## **Imports & Setup**

In [None]:
# if the following command generates an error, you probably didn't enable
# the cluster security option "Allow API access to all Google Cloud services"
# under Manage Security → Project Access when setting up the cluster
!gcloud dataproc clusters list --region us-central1

In [None]:
!pip install -q google-cloud-storage==1.43.0
!pip install -q graphframes

In [None]:
import pyspark
import sys
from collections import Counter, OrderedDict, defaultdict
import itertools
from itertools import islice, count, groupby
import pandas as pd
import os
import re
from operator import itemgetter
import nltk
from nltk.stem.porter import *
from nltk.corpus import stopwords
from time import time
from pathlib import Path
import pickle
import pandas as pd
from google.cloud import storage
import math
from nltk.stem import WordNetLemmatizer
import builtins
import numpy as np
from nltk.tokenize import word_tokenize

import hashlib
def _hash(s):
    return hashlib.blake2b(bytes(s, encoding='utf8'), digest_size=5).hexdigest()
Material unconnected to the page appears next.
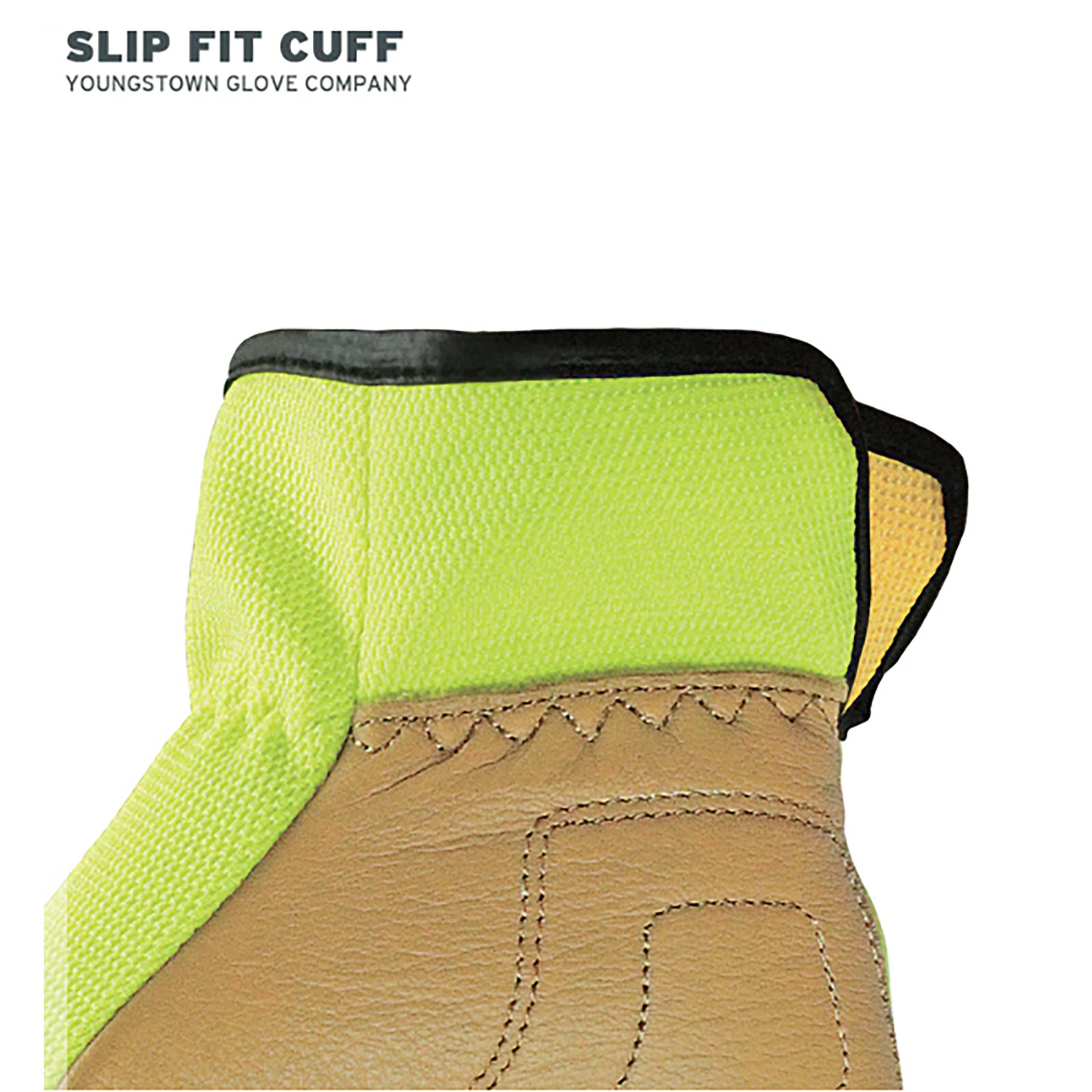 Youngstown’s Cut Resistant Safety Lime Hybrid is a durable, cut-resistant, puncture resistant work glove that is ergonomically designed for superior dexterity and comfort. Every inch is lined with Kevlar® fiber by DuPont™ for strength and durability. The top of hand is made of a breathable, safety lime stretch nylon featuring reflective 3M™ Scotchlite™ for high visibility and safety awareness. The palm is made with high quality goat grain leather that is double-layer reinforced over the saddle and main fingertips for greater protection and durability.

nltk.download('stopwords')
nltk.download('wordnet')



In [None]:
from pyspark.sql import *
from pyspark.sql.functions import *
from pyspark import SparkContext, SparkConf, SparkFiles
from pyspark.sql import SQLContext
from graphframes import *

In [None]:
bucket_name = '209234103_final'
full_path = f"gs://{bucket_name}/"
paths=[]

client = storage.Client()
blobs = client.list_blobs(bucket_name)
for b in blobs:
    if "multistream" in b.name:
        paths.append(full_path+b.name)

In [None]:
parquetFile = spark.read.parquet(*paths)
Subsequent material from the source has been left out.